You will develop a project using this data set and write a 10 page (double-spaced, 12 point font, printed and stapled) memo that shows the knowledge you gained from this class. To do this project, you will need to first download the codebook describing the data, and then develop a research question that you will be able to answer using the data. You will do the analysis using both regression and difference-in-differences and compare the results. The memo will have four sections: 1) the problem and the policy intervention that the study substantively focuses on; 2) the methods you use to evaluate the impact of the intervention; 3) the findings of your analysis; and 4) a discussion of the importance of the evaluation. The memo must include a minimum of five cites to academic research to justify your hypothesis (you can cite blogs, websites and newspapers but these will not count toward the academic cites).

This document will walk you though the steps required to conduct a policy evaluation project. In general, every project involves the following steps:

- Obtain policy data and familiarize yourself with the variables, how they are measured, and their availability
- Read the data into your statistical software and prepare it for analysis
- Explore the data but plotting variables of interest and calculate summary statistics
- Develop your statistical model and analyse your data
- Explain your findings

# Workflow

As a data analyst, it is absolutely essential that you keep detailed documentation of your analysis process. This means saving all of the code that you use for a project somewhere convenient so that you or anyone else can quickly and easily exactly reproduce your original results.
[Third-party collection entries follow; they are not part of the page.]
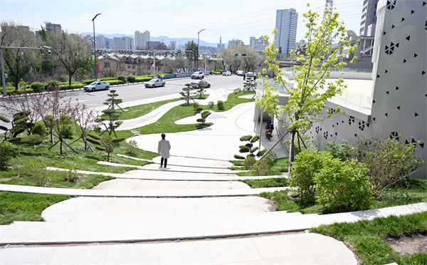 游園內修剪有型的樹木、造型獨特的小品、滿目皆綠的草地、視野開闊的觀景臺,與發展大坡相輔相成,成為市民、游客拍照打卡的最新風景。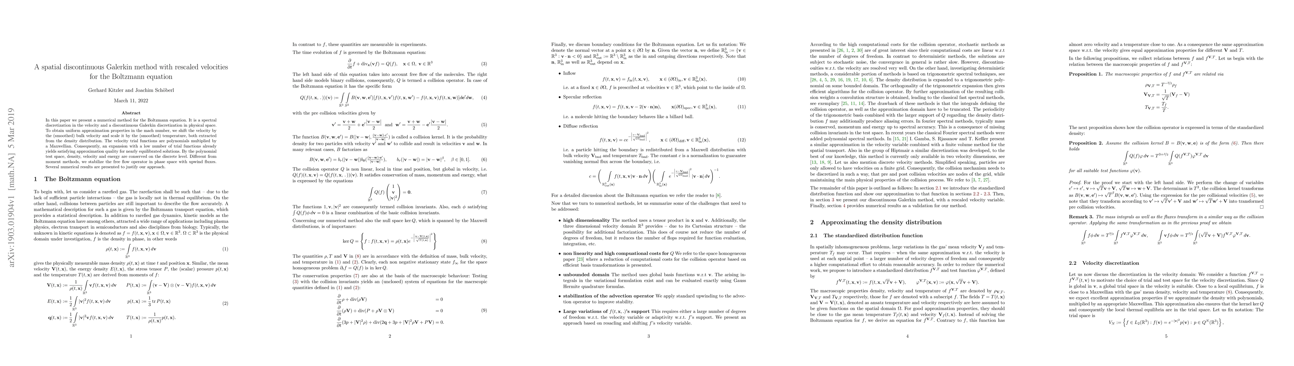 In this paper we present a numerical method for the Boltzmann equation. It is a spectral discretization in the velocity and a discontinuous Galerkin discretization in physical space. To obtain uniform approximation properties in the mach number, we shift the velocity by the (smoothed) bulk velocity and scale it by the (smoothed) temperature, both extracted from the density distribution. The velocity trial functions are polynomials multiplied by a Maxwellian. Consequently, an expansion with a low number of trial functions already yields satisfying approximation quality for nearly equilibrated solutions. By the polynomial test space, density, velocity and energy are conserved on the discrete level. Different from moment methods, we stabilize the free flow operator in phase space with upwind fluxes. Several numerical results are presented to justify our approach.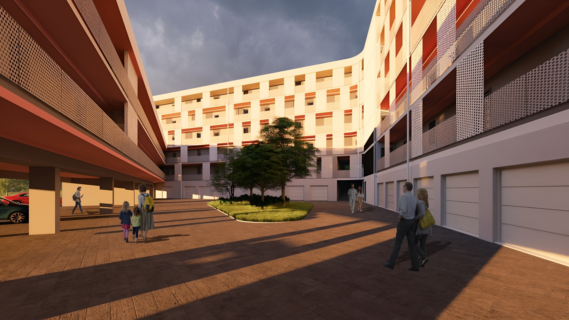 A földszinten 16 db garázs, 36 db fedett parkoló és 28 db kültéri parkoló található, ezekből opcionálisan választható, de legalább 1 db gépkocsi beálló vásárlása kötelező. Ezen kívül minden szinten privát tároló vételére is van lehetőség.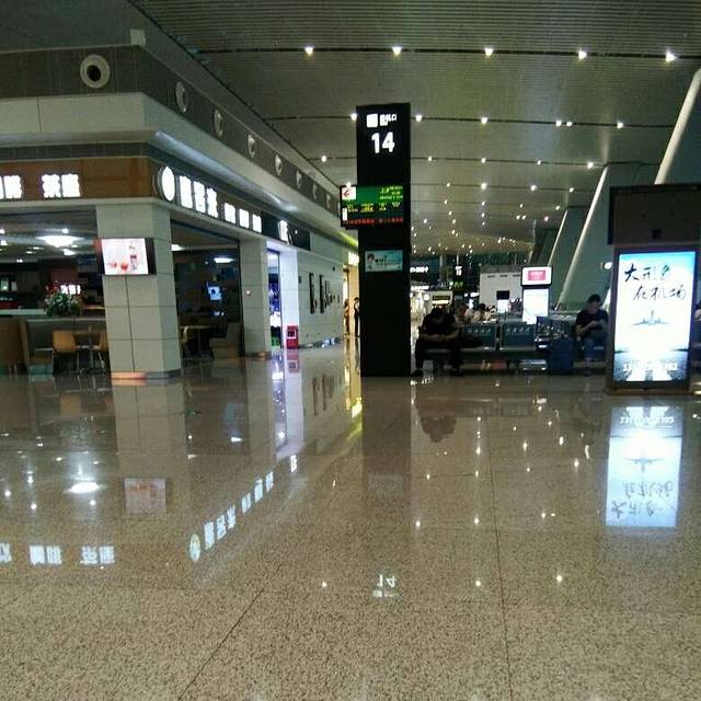 揭阳机场人不多,里面有好几家卖特产的,吃的店子比较少,没有肯德基麦当劳~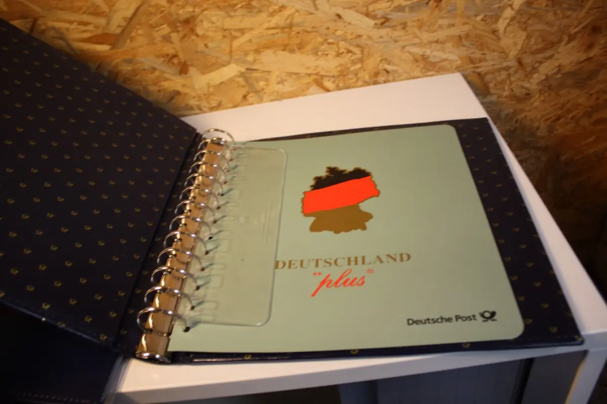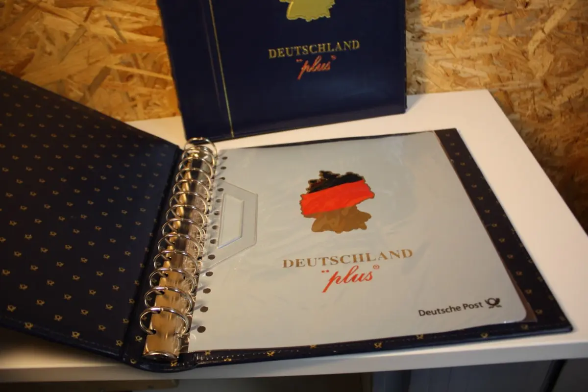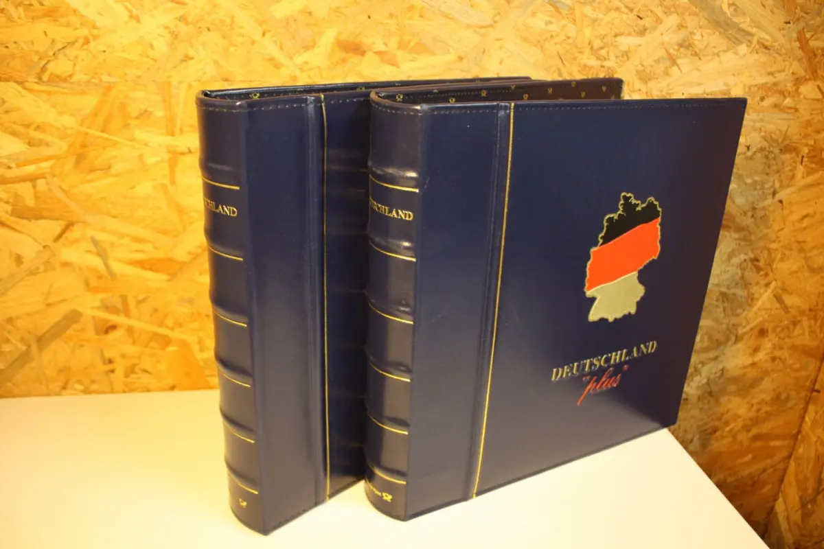 leere gut erhaltene Ringbinder + Schuber mit Gebrauchsspuren, mit Aufdruck Deutschland Plus, inkl. Blattheber, 13 Ring passend auch für Leuchtturm Vordrucke, 2 Stück,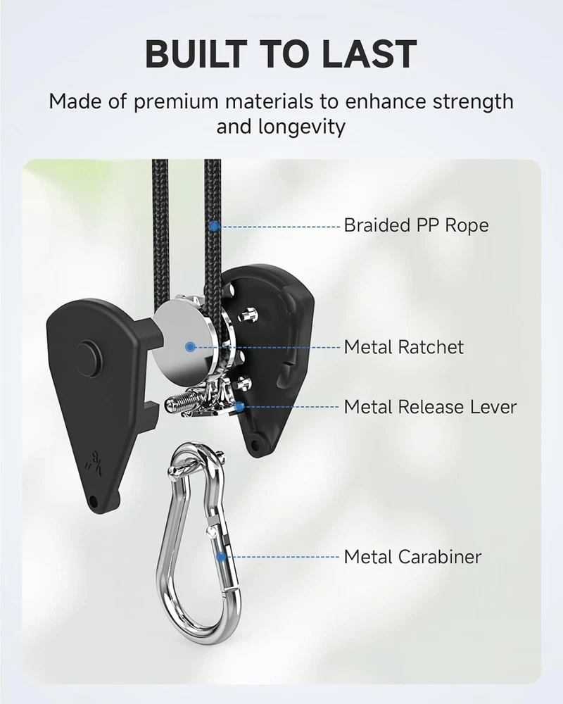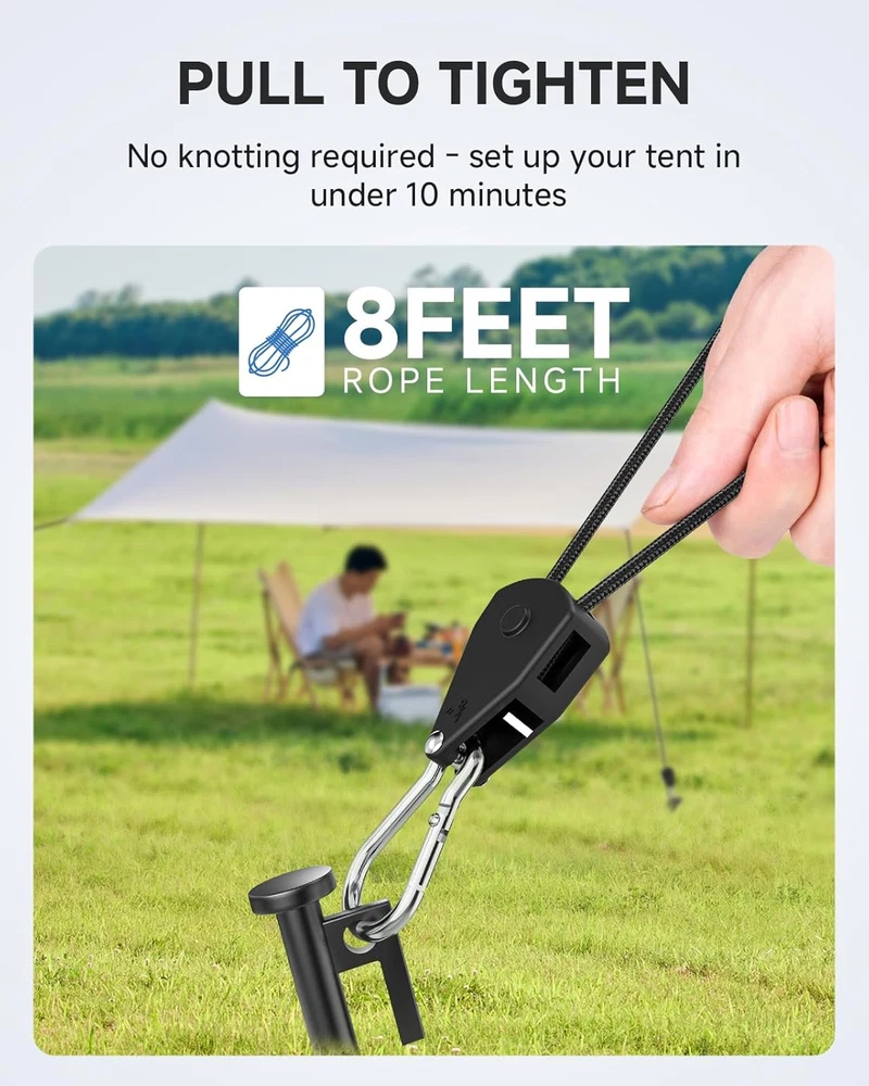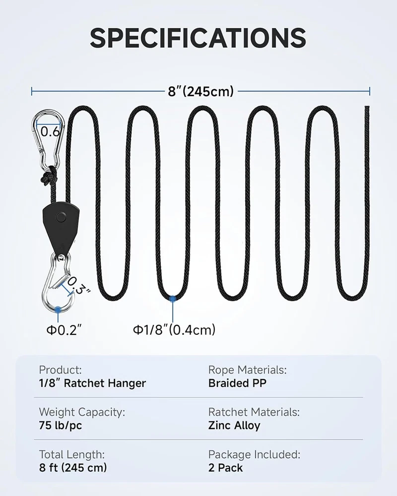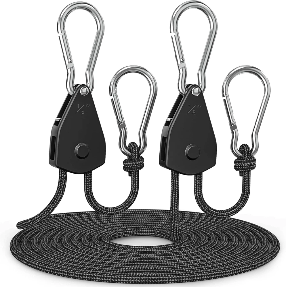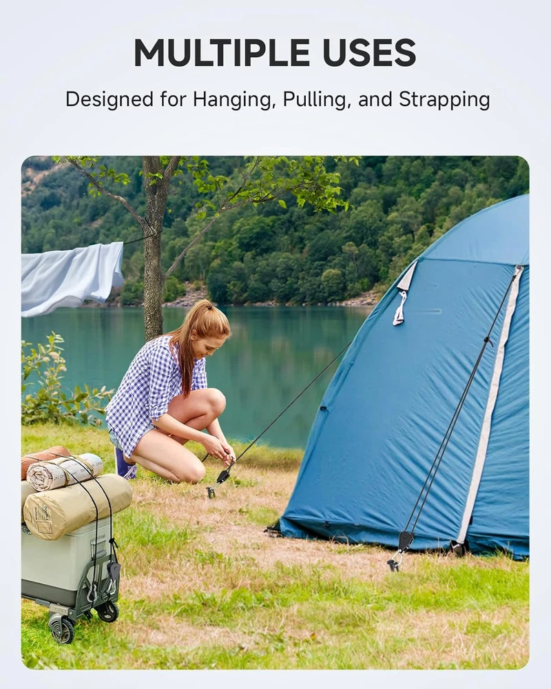 Key Features: Engineered with heavy-duty construction, these retractable and secure straps offer exceptional durability and reliability Premium Materials: Crafted from high-quality braided polypropylene rope and a durable metal ratchet for enhanced strength and longevity Easy to Use: Equipped with a quick-release mechanism, enabling effortless rope length adjustments without the risk of slippage; Each ratchet supports up to 75 lb, making it versatile for a wide range of tasks Built to Last: Designed with reinforced metal hooks, a sturdy ratchet, a reliable release lever, and a braided PP rope with a 330 lb break strength; This robust construction minimizes the risk of rust and ensures long-lasting performance Versatile Application: Ideal for securing various items, including transporting small objects, hanging indoor garden fixtures, and fulfilling various tie-down needs, such as setting up tarps or camping tents Product Description
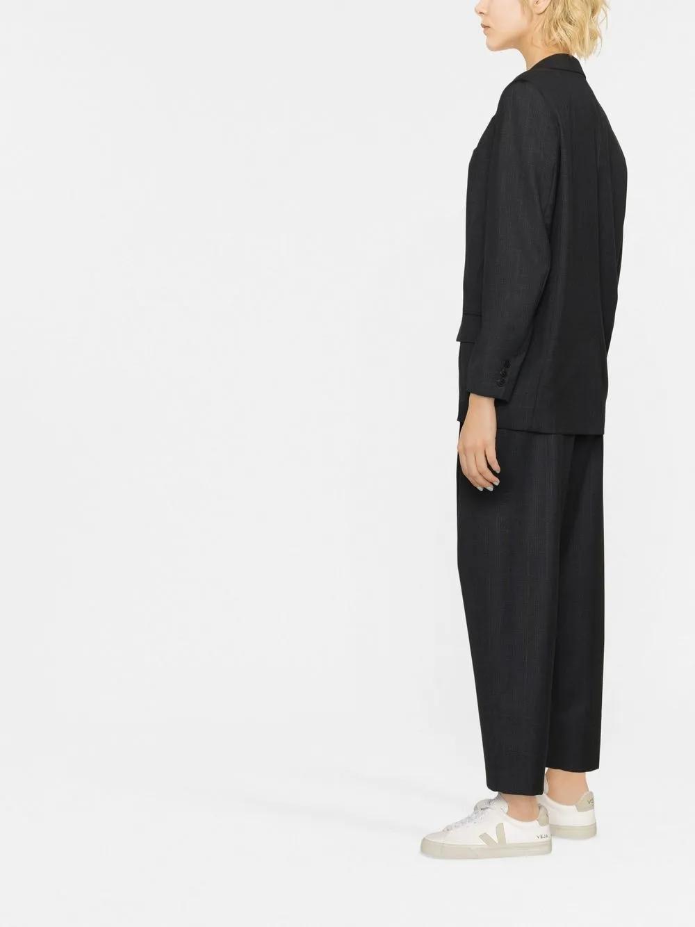 anthracite grey virgin wool notched lapels chest welt pocket front button fastening long sleeves two side flap pockets check pattern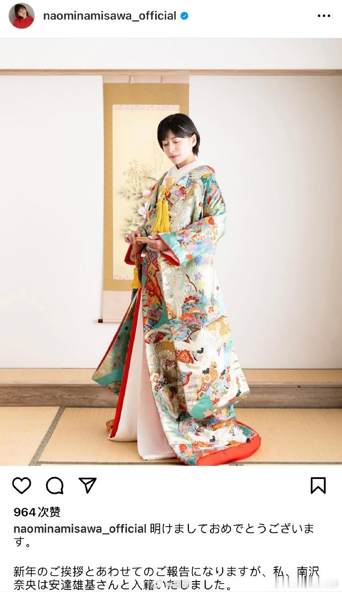 南泽奈央结婚南泽奈央安达雄基结婚 据日媒,女演员南泽奈央(35)于1月1日更新个人IG宣布与踢踏舞演员安达雄基结婚的喜讯,“今后我们二人会相互尊重、彼此扶持、共同进步,携手走过人生的旅途。也恳请大家今后继续支持我们。”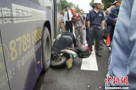当时,江东交警大队协警谢师傅正在附近路口执勤,接到指令后马上跑到事发现场,并将现场情况报告交警指挥中心。

In addition to saving your code, you should also provide explanations for your procedures and code so that you will always remember your data sources, what each line of code is doing, and why you analysed the data the way that you did. Not only will this help you remember the details about your project, but it will also make it easy for others to read through your code and validate your methodology. Practically, your code should be saved in a script file, though I strongly recommend using Rmarkdown since it allows you to create complete documents and execute code at the same time, exactly like this guide!

To create an Rmarkdown document go to file -> New File -> R notebook:

For a good overview of Rmarkdown check out chapter 27 of R for Data Science. For more details, check out R Markdown: The Definitive Guide.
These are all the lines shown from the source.